Brand new Ford trucks are displayed on a sales lot.
Photograph by Justin Sullivan — Getty Images
By Ben Geier
February 3, 2015

January is generally a pretty soft month for car sales. Winter doldrums and the end of holiday sales generally contribute to a month where dealer lots see a lot less activity than usual.

The January that just ended, though, bucked that trend. This was the best January in years for several manufacturers, with favorable credit conditions and continued pent-up demand helping out.

General Motors’ (GM) sales were up 18% year-over-year, contributing to the automaker’s best January in 7 years. Ford (F) had its best January since 2004, and Chrysler saw its best first month of the year since 2007.

For the big Japanese automakers, January sales topped expectations at Toyota (TM) and Nissan (NSANY), but they lagged at Honda (HMC).
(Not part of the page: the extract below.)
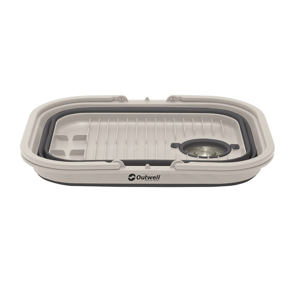 Handige inklapbare afwasbak met ingebouwde afvoer met stop en met deksel en handvat. Een slimme functie is een ingebouwde bordenhouder die het drogen van de vaat vergemakkelijkt. Je kunt de vaat verplaatsen, afwassen en ook drogen in de afwasbak. Wanneer het niet gebruikt wordt, kan het ingedrukt worden en is het dan slechts 6 cm hoog. Perfect voor alle kampeerders.
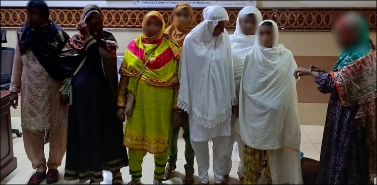 ملزمان میں سوبا بی بی، خدیجہ بی بی، آسیا بی بی، سائرہ بی بی، ساجدہ بی بی، سلما بی بی، سمینا بی بی اور نغمہ بی بی شامل ہیں، بتایا گیا ہے کہ گرفتار خواتین بہ ظاہر عمرے کے غرض سے سعودی عرب جا رہی تھیں، تاہم ابتدائی تفتیش میں معلوم ہوا کہ خواتین سعودی عرب میں بھیک مانگنے جا رہی تھیں۔

Pent-up demand is one major factor in this strong month. As the economy has struggled over the past several years, a lot of car buyers put of their purchases, leading to historic lows in auto sales market. With the economy generally improving, more and more people are finally replacing cars they would have replaced a few years ago.

TrueCar (TRUE) president John Krafcik called the strong month “a continuation of the momentum we felt last month,” and of the generally strong trends that were seen all of last year.

Kurt McNeil, U.S. vice president of sales operations at GM, said in a statement that lower gas prices are also contributing to the continued robust market.

“It’s unquestionably the case,” Krafcik said when asked about the correlation between lower gas prices and increased car sales. He also noted that lower gas prices can change the mix of cars sold, with more profitable trucks and SUVs moving when gas prices are lower. (Some analysts have said lower gas prices ultimately don’t change things too much.)

Another piece of the puzzle is the auto finance market, which continues to be very friendly for borrowers. Average car loan terms have reached a record high of 67.2 months, and interest rates are still relatively low at 4.5%. Shoppers are taking advantage of these conditions, and that means more cars are moving.

Even if rates change, the auto finance industry could keep offering low rates though, said Krafcik.